The second time around Rachel ran for Team With a Vision, a group of blind and sighted athletes who raise money and awareness for The Massachusetts Association for the Blind and Visually Impaired. But things didn’t exactly go as planned.
At the start of her training season in December she was battling an injury and illness that persisted throughout the winter. Then there was the unforgiving Minnesota weather. “I had to do 90 percent of my training on the treadmill, and the runs that I did outside were cold, snowy, and icy,” Rachel says. “This winter was also particularly tough for me mentally. I went through a number of very frustrating and scary situations related to my vision impairment, and it put me in a terrible mental state. But I kept training. I kept pushing. I kept fighting.”
When spring came she ended up with a nasty chest cold that took her out for over a week of training and she started to feel symptoms of an old injury creeping back in. “Half of me thought this was it. I would not be able to run after working so hard. But there was the other half of me that kept thinking, wouldn’t this be an amazing comeback if I was able to run after all?”
As you’ve probably already guessed, she made it to Boston. Although she says her confidence was low going into the race, she had the help of her runner friends to keep her focused and positive. “I have found that runners are just so nice and so happy generally. And being around people who speak the same language is always helpful. So it was such a blessing to be around such positivity.”
On race day, Rachel was off to a great start and time before mile 25 hit. After situations that were no one’s fault and out of anyone’s control, she was without a guide on the course and terrified that this would end her race. She yelled for someone to help her out to finish and soon several people were at her side. “I think I was just so frazzled that the only thing I could do was fly to that finish line,” she says.
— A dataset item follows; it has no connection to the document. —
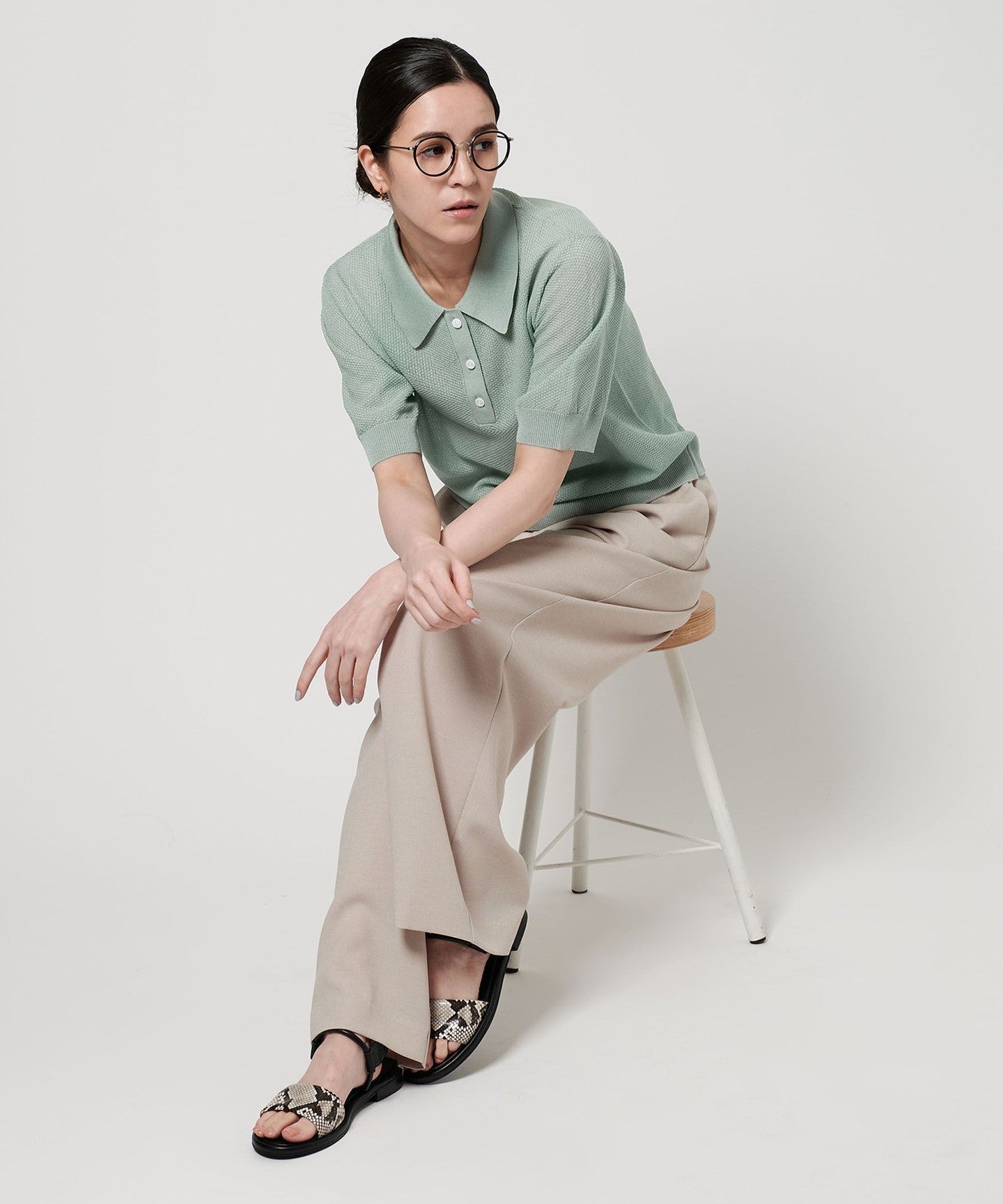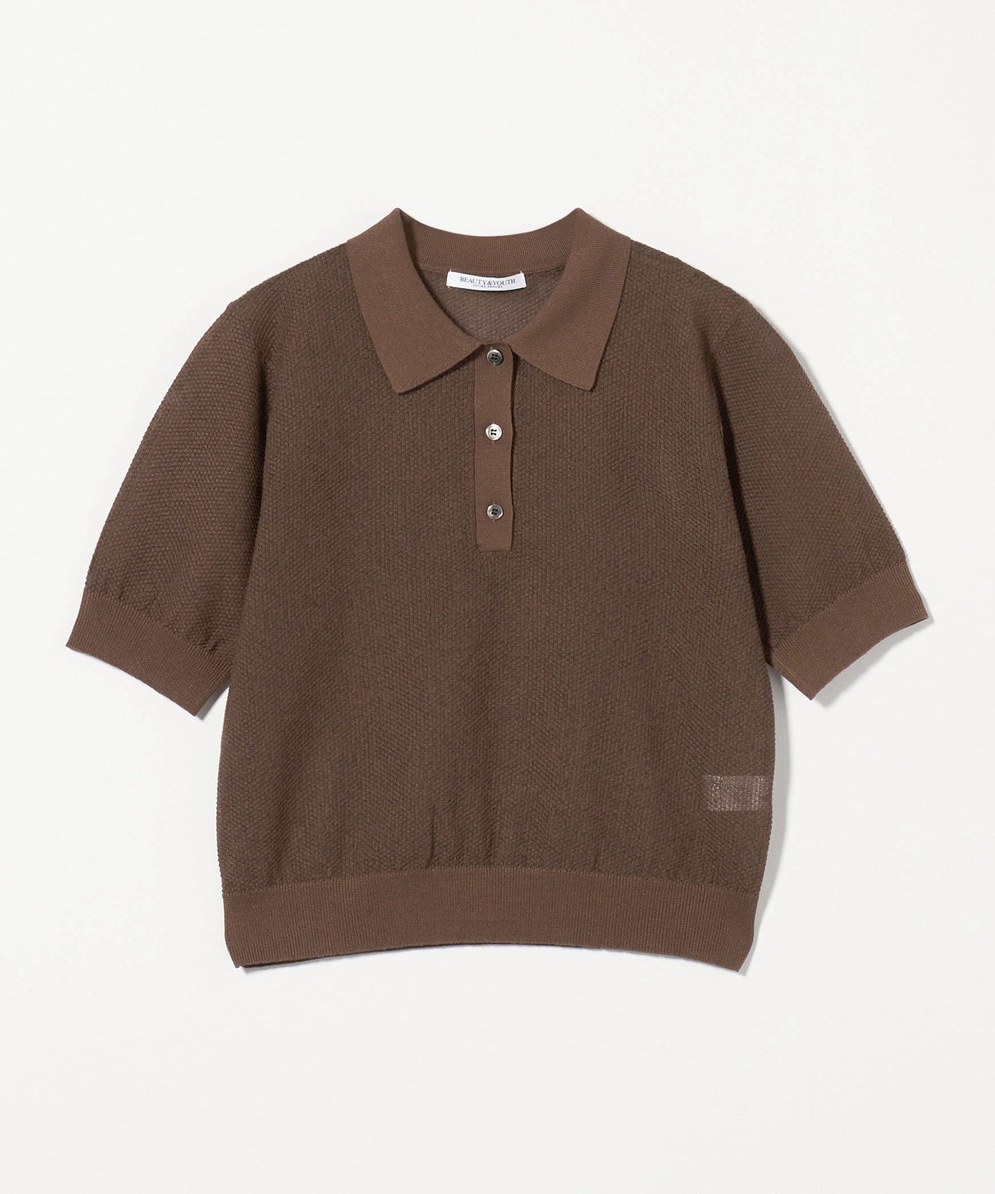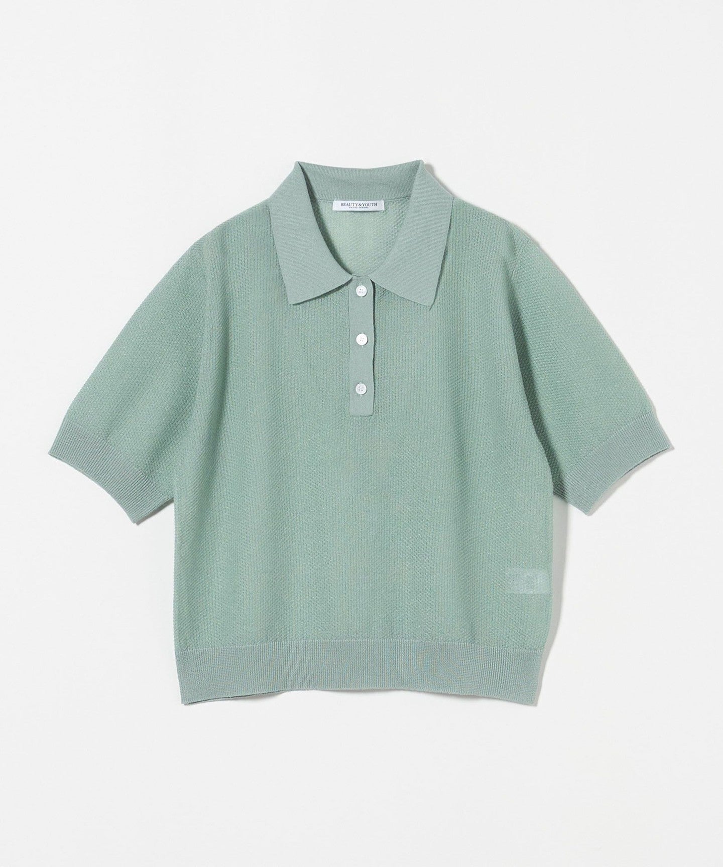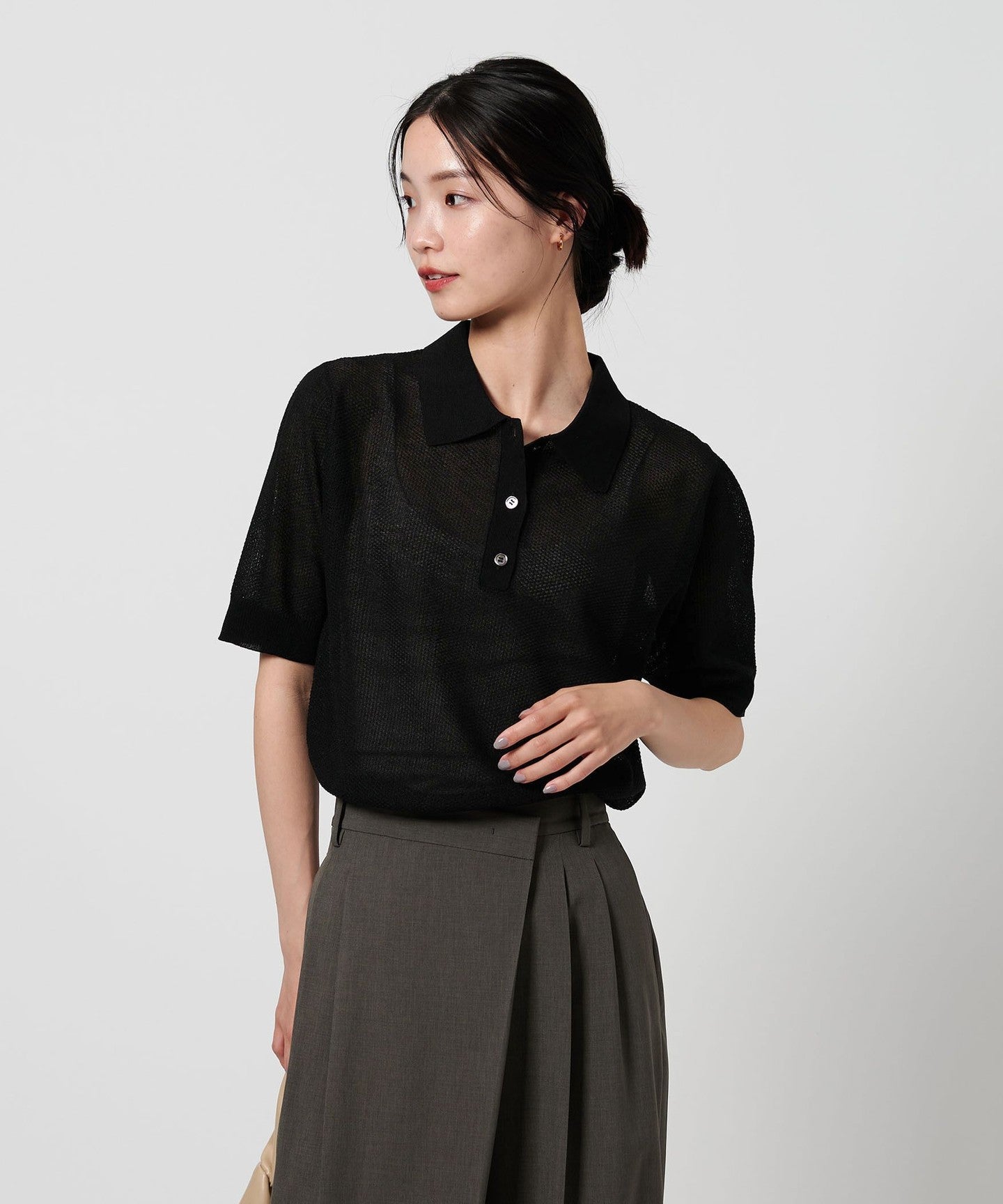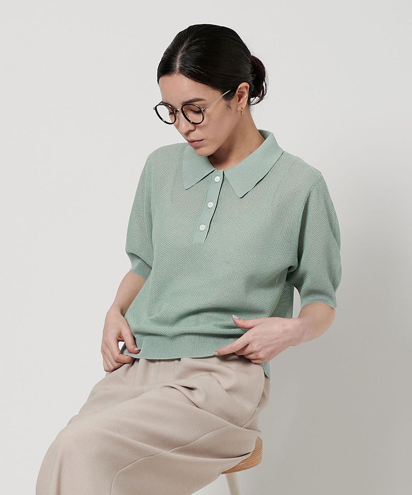 We used a slightly stiff polyester rayon yarn to create a mesh knit that is cool and does not loosen easily.

Rachel says the crowds at the marathon also helped her finish. “That stretch down Boylston was so loud and so amazing that I just felt like I kept running faster and faster.”
After she heard what her finish time was, Rachel cried, then called her mom. “I lost it. I was sobbing! I kept repeating, ‘Oh my gosh! Seriously? Seriously?’”
She placed third in the women’s visually impaired division, so she was recognized on the podium at the awards ceremony. “As I stood up there, I was trying to hold back tears,” she says. “I stood there with my award in my hands, and I knew this was my breakthrough, my touchdown. This race was worth fighting for.”
Rachel says she’s planning to do the Boston Marathon again in 2020. As she continues to train for other events she wants to continue to encourage visually impaired people to be active. She says the hardest part is getting started, but if you find a community of like-minded people you’ll have a support system to help you reach your goals. “We live in a visual world and sometimes it feels safer to stay inside,” she says. “But in order to get started on any journey, you need to get out of your comfort zone and reach out to people who can help you. Because you can inspire and encourage each other.”
Rachel believes that comradery and her faith in God got her through the Boston Marathon. “I can promise you that I wouldn’t have gotten to the finish line if it weren’t for both my family and friends back home and my friends cheering for me on the course, who all helped me through encouragement, support, and advice.”